Let's set some hyperparameters for training:

In [3]:
MODEL_NAME = "bigscience/test-bloomd-6b3"
INITIAL_PEERS = ["/ip4/193.106.95.184/tcp/31000/p2p/QmSg7izCDtowVTACbUmWvEiQZNY4wgCQ9T9Doo66K59X6q"]
NUM_PREFIX_TOKENS = 1 # 1 2 4 8 16 
DEVICE = 'cuda'
BATCH_SIZE = 4
LR = 1e-2 #
WEIGHT_DECAY = 0.0 #
NUM_SAMPLES = 1000#
SEED = 42
MODEL_MAX_LENGTH = 256
TUNING_MODE = 'ptune' # choose between ['ptune', 'deep_ptune']
logging.debug(f'Used device: {DEVICE}')

Prepare tokenizer and distributed model, connect it to servers.

In [4]:
tokenizer = transformers.BloomTokenizerFast.from_pretrained(MODEL_NAME)
tokenizer.padding_side = 'right'
tokenizer.model_max_length = MODEL_MAX_LENGTH
model = DistributedBloomForCausalLM.from_pretrained(
    MODEL_NAME, 
    initial_peers=INITIAL_PEERS, 
    pre_seq_len=NUM_PREFIX_TOKENS, 
    tuning_mode=TUNING_MODE
).to(DEVICE)
logging.info(f'loaded model {MODEL_NAME} on {DEVICE}')

Some weights of DistributedBloomForCausalLM were not initialized from the model checkpoint at bigscience/test-bloomd-6b3 and are newly initialized: ['lm_head.word_embeddings.weight', 'prompt_embeddings.weight']
You should probably TRAIN this model on a down-stream task to be able to use it for predictions and inference.


In [5]:
from copy import deepcopy
init_weights = model.transformer.prompt_embeddings._parameters['weight'].clone().to(DEVICE)

def init_model(model):
    model.transformer.prompt_embeddings._parameters['weight'] = init_weights
    
logging.info(f'define init function')

In [7]:
os.environ["CUDA_LAUNCH_BLOCKING"] = '1'
# model.transformer.prompt_embeddings._parameters['weight']

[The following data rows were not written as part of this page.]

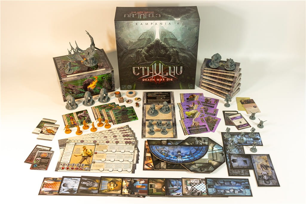 Kampania 4 to rozszerzenie do gry Cthulhu: Death May Die, które wprowadza sześć zupełnie nowych scenariuszy i jeszcze więcej koszmarów, w tym bezpośrednie starcie z Nyarlathotepem. W pudełku znajdziecie nowe postacie badaczy oraz przeciwników, którzy przeniosą Was do najdziwniejszych zakątków uniwersum Lovecrafta. Zestaw zawiera również 28 szczegółowych figurek, które urozmaicają rozgrywkę.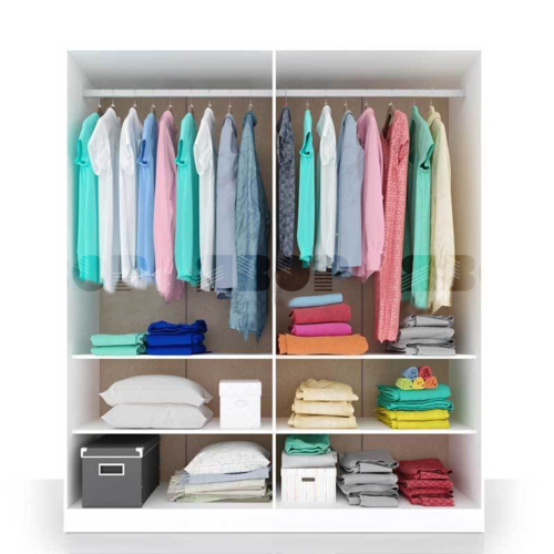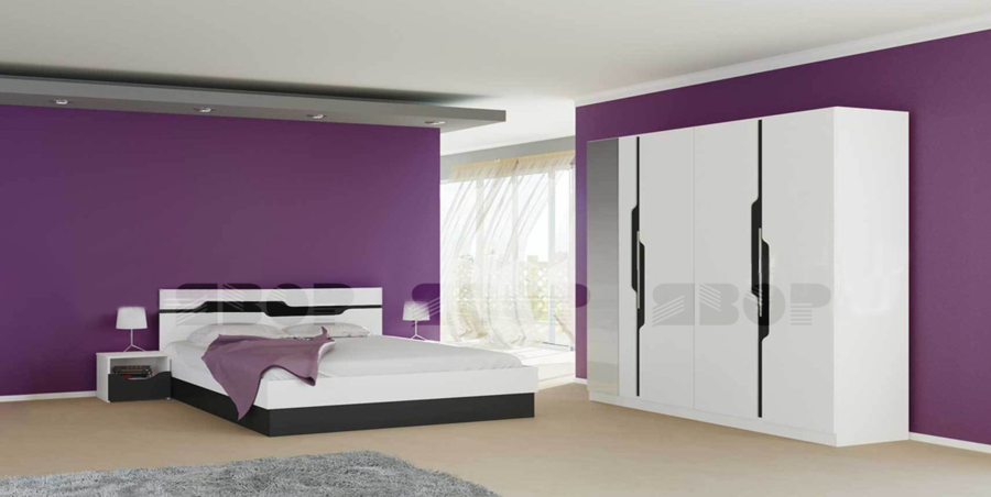 2. Четирикрилен гардероб с огледала и LED осветление Външни размери: Широчина 180 см. Дълбочина 52.5 см. Височина 201 см. Вътрешно разпределение: два лоста за закачалки и четири рафта. 3.Нощно шкафче - 2 бр. Външни размери: Широчина 40 см. Дълбочина 33.5 см. Височина 36 см. Опция за допълнително закупуване на скрин от серия СИТИ 3010, попитайте нашите on-line консултати. Матракът и спалното бельо не са включени в цената на комплекта.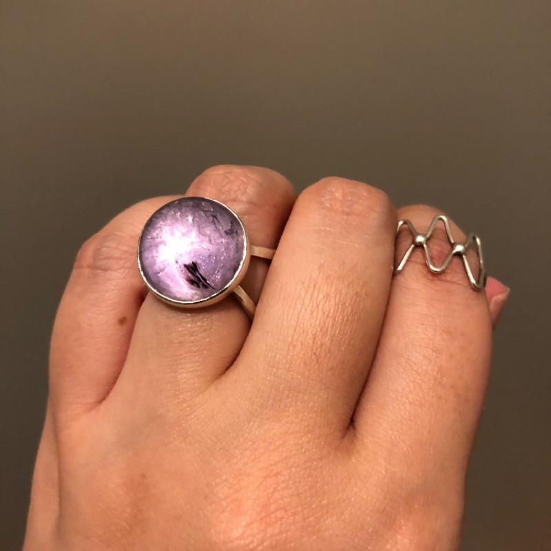 よくはめる左人差し指にサイズもピッタリで、優しくも神秘的なグレーと心地よい重さに酔いしれますね。素敵な指輪を作っていただきありがとうございます。また誕生日が近くなりましたらお願いしたいです!

Let's prepare the Personachat dataset. We need two mapping functions, one to concatenate history and candidate answers, and another for tokenization.

In [8]:
dataset = load_dataset("bavard/personachat_truecased")
logging.info(f'loaded dataset')


def chunking(examples):
    inputs = [
        "\n-----\n".join(history) + "\n-----\n" + candidate
        for history, candidates in zip(examples["history"], examples["candidates"])
        for candidate in candidates
    ]
    return {"chunks": inputs}


def tokenize(examples):
    outputs = {
        "input_ids": tokenizer(examples["chunks"], padding='max_length', truncation=True)["input_ids"]
    }
    outputs["labels"] = outputs["input_ids"]
    return outputs


tokenized_datasets = (
    dataset
        .map(chunking, batched=True, remove_columns=dataset["train"].column_names)
        .map(tokenize, batched=True, remove_columns=["chunks"])
)


tokenized_datasets.set_format("torch")
train_dataset = tokenized_datasets["train"].shuffle(seed=SEED)
train_dataloader = DataLoader(
    train_dataset.select(list(range(NUM_SAMPLES))),
    shuffle=True,
    batch_size=BATCH_SIZE,
    drop_last=True,)
logging.info(f'get train dataloader')

  0%|          | 0/2 [00:00<?, ?it/s]

  0%|          | 0/157 [00:00<?, ?ba/s]

In [12]:
validation_dataset = tokenized_datasets["validation"]
validation_dataloader = DataLoader(
    validation_dataset.select(list(range(NUM_SAMPLES))),
    batch_size=BATCH_SIZE,
)
logging.info(f'get validation dataloader')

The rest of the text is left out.